Task objective:
The part below that opens with the line containing "Turuncu renkli, drapeli" and closes with the line containing "Com design moderno, iluminação" should be copied exactly, minus any pictures.

Data provided:
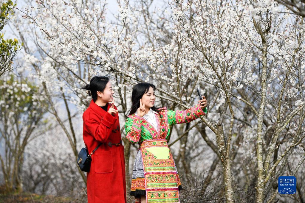 2月17日,在貴州省黔西南布依族苗族自治州安龍縣普坪鎮一處櫻桃基地,游人在盛開的櫻桃花下自拍。
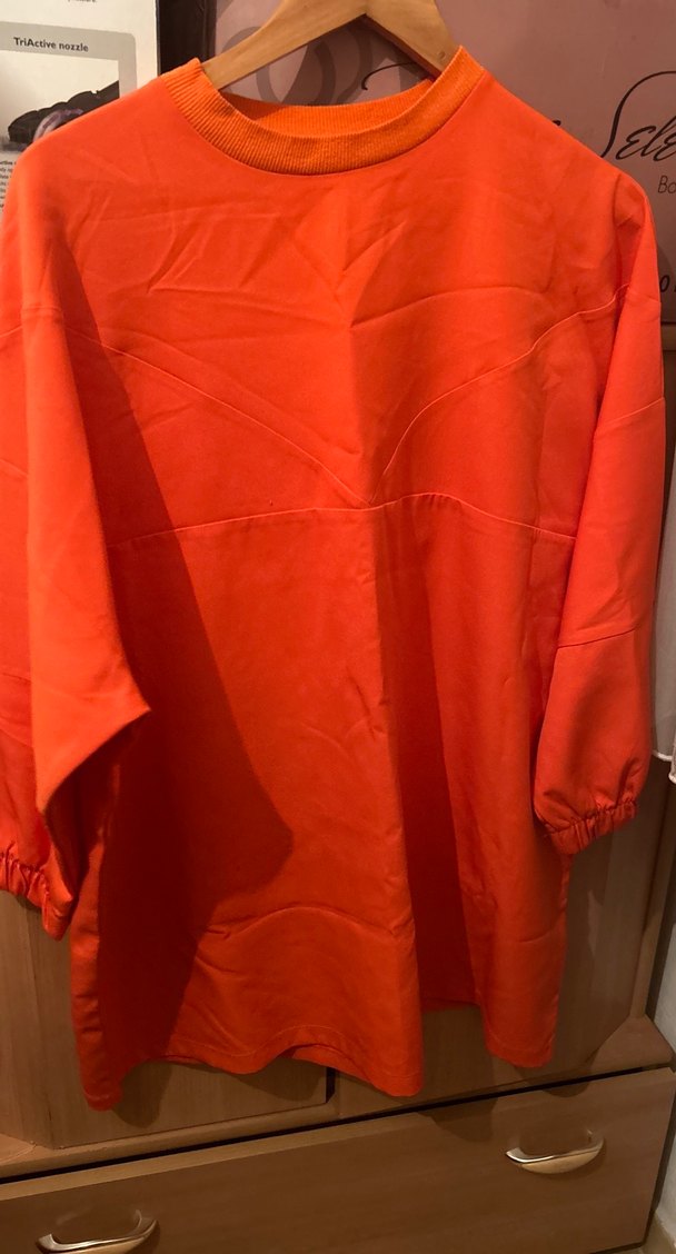 Turuncu renkli, drapeli tasarıma sahip uzun kollu kadın tunik. bol kesim ve uzun boylu, günlük ve sokak stiline uygun. Standart beden
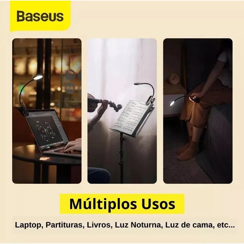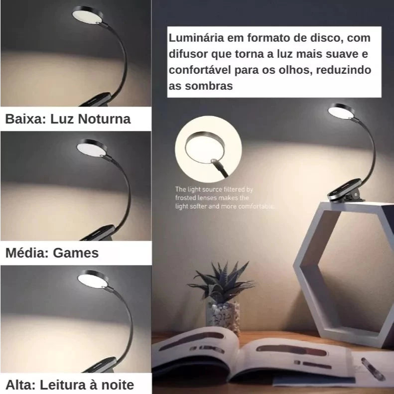 Com design moderno, iluminação ajustável e bateria recarregável, ela oferece conforto visual e praticidade em qualquer lugar — seja na mesa, laptop, cabeceira ou até presa em livros.
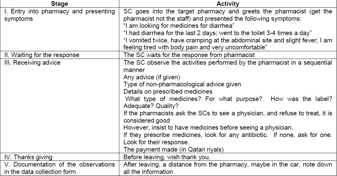 The researchers pre-tested the data collection method to assess its content validity by showing it to faculty members in the College of Pharmacy and a general practitioner practicing in Qatar. After making improvements to the pilot test [here, the researchers used the method (Table 1) on a very small sample size of 3 community pharmacies; these 3 pharmacies were not included in the final study], the method was considered acceptable and was finalized for the main study. The simulated patients were trained 2-3 hours before the pilot study and again after the pilot study. Feedback was obtained from the simulated patients. Problems were rectified, and the necessary improvement/changes were made to the tool and study design.

Response to the task:
 Turuncu renkli, drapeli tasarıma sahip uzun kollu kadın tunik. bol kesim ve uzun boylu, günlük ve sokak stiline uygun. Standart beden
 Com design moderno, iluminação ajustável e bateria recarregável, ela oferece conforto visual e praticidade em qualquer lugar — seja na mesa, laptop, cabeceira ou até presa em livros.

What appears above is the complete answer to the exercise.